Content starts

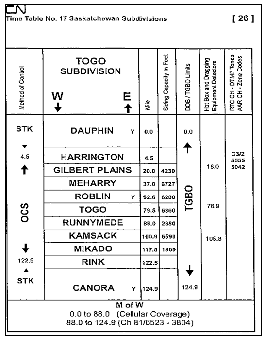 La subdivision Togo du CN s’étend d’est en ouest de Dauphin (Manitoba), point milliaire 0,0, à Canora (Saskatchewan), point milliaire 124,9. La subdivision est contrôlée par un CCF à Edmonton (Alberta). Entre Harrington (point milliaire 4,5) et le point milliaire 122,5, l’exploitation des trains est régie par la régulation de l’occupation de la voie (ROV). L’indicateur pour la subdivision Togo du CN est représenté à la figure 2.
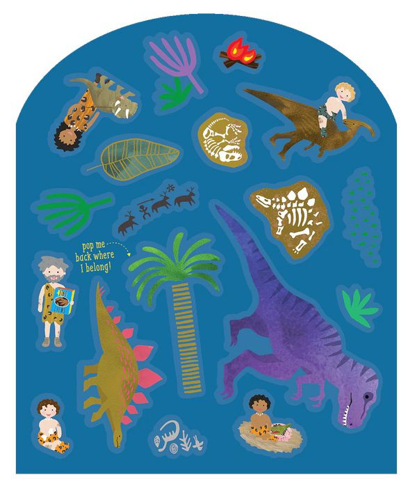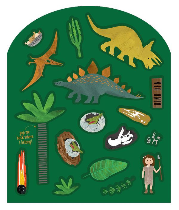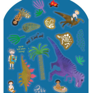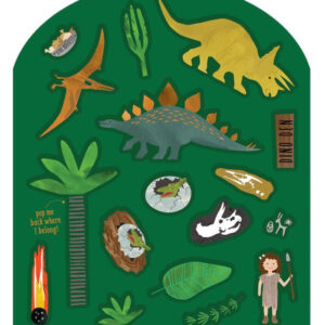 Zestaw naklejek wielokrotnego użytku z planszami Dinozaury to świetna zabawa i nauka jednocześnie. W skład zestawu wchodzi ponad 50 zabawnych, kolorowych naklejek, w tym dinozaury, jaja dinozaurów, jaskiniowców, prehistoryczną przyrodę i wile innych oraz 2 rozkładane plansze ilustrujące park jurajski z jaskiniami do tworzenia i wymyślania historii za pomocą naklejek. Naklejki można łatwo umieszczać, nakładać na siebie i zmieniać ich położenie. Dodatkową zabawą jest dopasowywanie naklejek do ich kształtów na kartach do ich przechowywania. To zapewni maluchom rozrywkę na długie godziny! Zestaw daje maluchom nieograniczone możliwości wyrażania swojej kreatywności, ponadto ćwiczy koncentrację i wyobraźnię, jak i rozwija małą motorykę. Zestaw zapakowany jest w twardą okładkę, składa się całkowicie na płasko, dzięki czemu idealnie sprawdzi się w podróży.
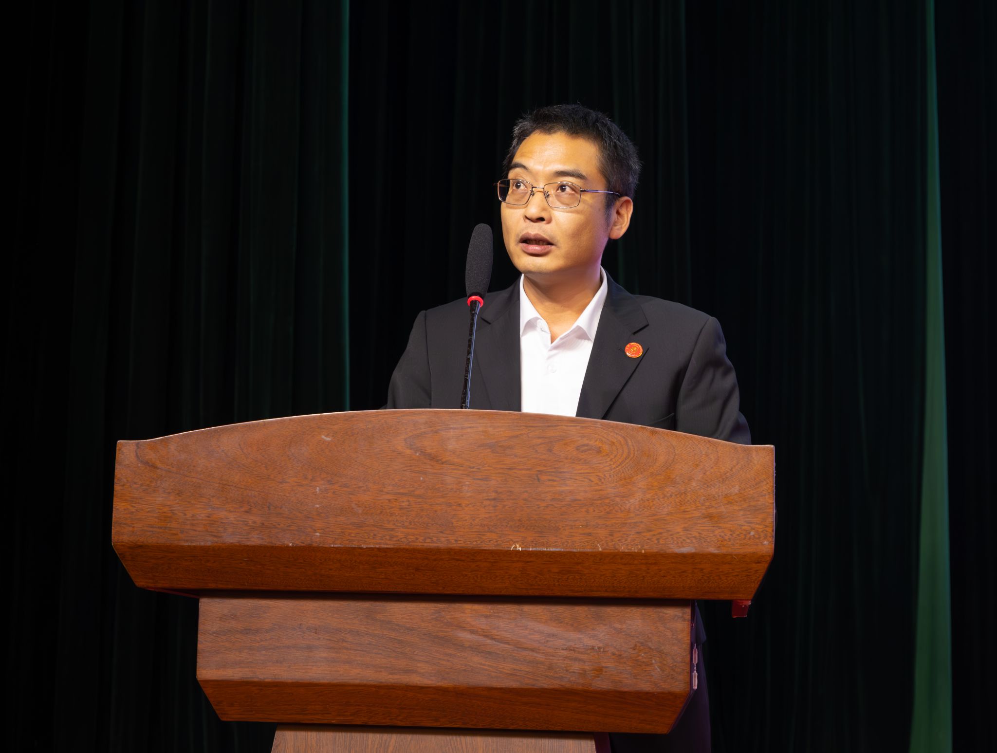 最后,优秀校友代表四川省委宣讲团新时代文明实践青年宣讲分团成员、四川师范大学博士研究生林航作为校友代表发言并带领大家学习了党的二十届三中全会精神。他以《中共中央关于进一步全面深化改革、推进中国式现代化的决定》中构建支持全面创新体制机制、统筹推进教育科技人才一体发展为切入点,向大家阐述了教育科技人才作为中国式现代化的基础性、战略性支撑,深化教育综合改革、科技体制改革和人才发展体制机制改革的重大意义和主要方面。同时,结合自身的成长经历,他鼓励同学们积极练就过硬本领,将最美之青春融入推进强国建设、民族复兴伟业的历史洪流中,奋力书写为中国式现代化挺膺担当的青春篇章。
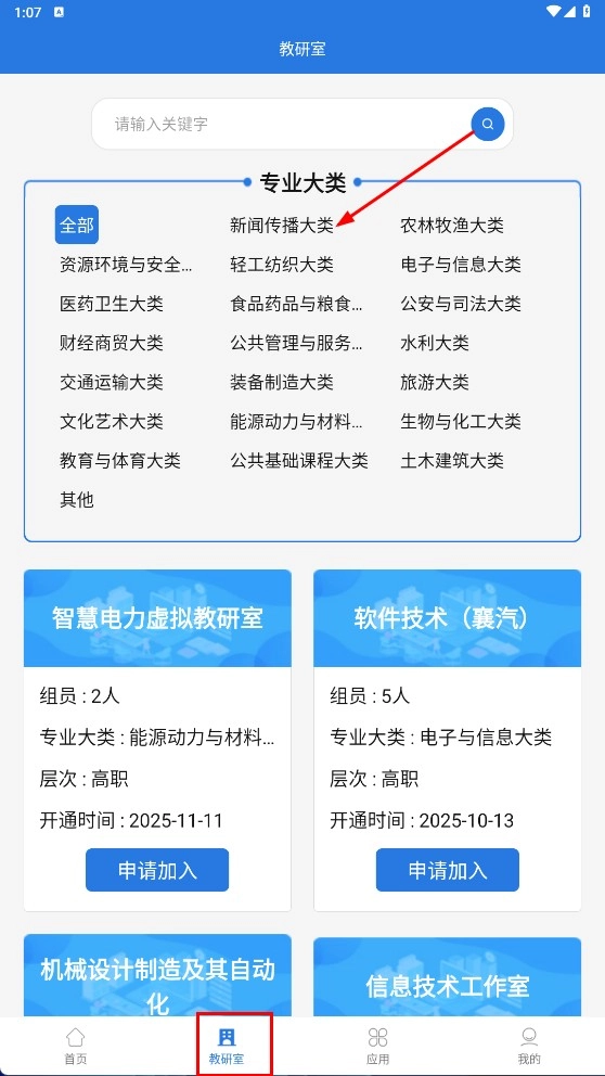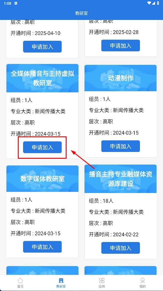 找到对应的目标教研室(例如【全媒体播音与主持教研室】),点击【申请加入】按钮,即可完成教研室的加入流程。

Content ends

■ Required work:
Without the pictures, write out the entire listing exactly.

■ Solution to this problem:
 La subdivision Togo du CN s’étend d’est en ouest de Dauphin (Manitoba), point milliaire 0,0, à Canora (Saskatchewan), point milliaire 124,9. La subdivision est contrôlée par un CCF à Edmonton (Alberta). Entre Harrington (point milliaire 4,5) et le point milliaire 122,5, l’exploitation des trains est régie par la régulation de l’occupation de la voie (ROV). L’indicateur pour la subdivision Togo du CN est représenté à la figure 2.
 Zestaw naklejek wielokrotnego użytku z planszami Dinozaury to świetna zabawa i nauka jednocześnie. W skład zestawu wchodzi ponad 50 zabawnych, kolorowych naklejek, w tym dinozaury, jaja dinozaurów, jaskiniowców, prehistoryczną przyrodę i wile innych oraz 2 rozkładane plansze ilustrujące park jurajski z jaskiniami do tworzenia i wymyślania historii za pomocą naklejek. Naklejki można łatwo umieszczać, nakładać na siebie i zmieniać ich położenie. Dodatkową zabawą jest dopasowywanie naklejek do ich kształtów na kartach do ich przechowywania. To zapewni maluchom rozrywkę na długie godziny! Zestaw daje maluchom nieograniczone możliwości wyrażania swojej kreatywności, ponadto ćwiczy koncentrację i wyobraźnię, jak i rozwija małą motorykę. Zestaw zapakowany jest w twardą okładkę, składa się całkowicie na płasko, dzięki czemu idealnie sprawdzi się w podróży.
 最后,优秀校友代表四川省委宣讲团新时代文明实践青年宣讲分团成员、四川师范大学博士研究生林航作为校友代表发言并带领大家学习了党的二十届三中全会精神。他以《中共中央关于进一步全面深化改革、推进中国式现代化的决定》中构建支持全面创新体制机制、统筹推进教育科技人才一体发展为切入点,向大家阐述了教育科技人才作为中国式现代化的基础性、战略性支撑,深化教育综合改革、科技体制改革和人才发展体制机制改革的重大意义和主要方面。同时,结合自身的成长经历,他鼓励同学们积极练就过硬本领,将最美之青春融入推进强国建设、民族复兴伟业的历史洪流中,奋力书写为中国式现代化挺膺担当的青春篇章。
 找到对应的目标教研室(例如【全媒体播音与主持教研室】),点击【申请加入】按钮,即可完成教研室的加入流程。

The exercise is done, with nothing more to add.